DIRECTIONS FOR THIS TASK ▸ A single stretch of the material below is to be transcribed exactly, starting at the line with "مصر تسترد 13" and ending after the line with "Spring And Summer".

RECORDS FOR PROCESSING ▸

════════

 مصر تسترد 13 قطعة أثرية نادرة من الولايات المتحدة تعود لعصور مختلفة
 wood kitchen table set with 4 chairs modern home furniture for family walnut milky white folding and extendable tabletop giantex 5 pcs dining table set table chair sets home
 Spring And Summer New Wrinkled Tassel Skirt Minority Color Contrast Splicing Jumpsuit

════════

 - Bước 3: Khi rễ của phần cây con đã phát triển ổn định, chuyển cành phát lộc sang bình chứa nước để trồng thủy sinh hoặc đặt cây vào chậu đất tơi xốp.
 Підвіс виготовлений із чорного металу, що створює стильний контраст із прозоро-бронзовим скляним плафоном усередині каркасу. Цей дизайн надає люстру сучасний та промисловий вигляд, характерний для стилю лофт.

════════

RESPONSE FOR THIS EXERCISE ▸
 مصر تسترد 13 قطعة أثرية نادرة من الولايات المتحدة تعود لعصور مختلفة
 wood kitchen table set with 4 chairs modern home furniture for family walnut milky white folding and extendable tabletop giantex 5 pcs dining table set table chair sets home
 Spring And Summer New Wrinkled Tassel Skirt Minority Color Contrast Splicing Jumpsuit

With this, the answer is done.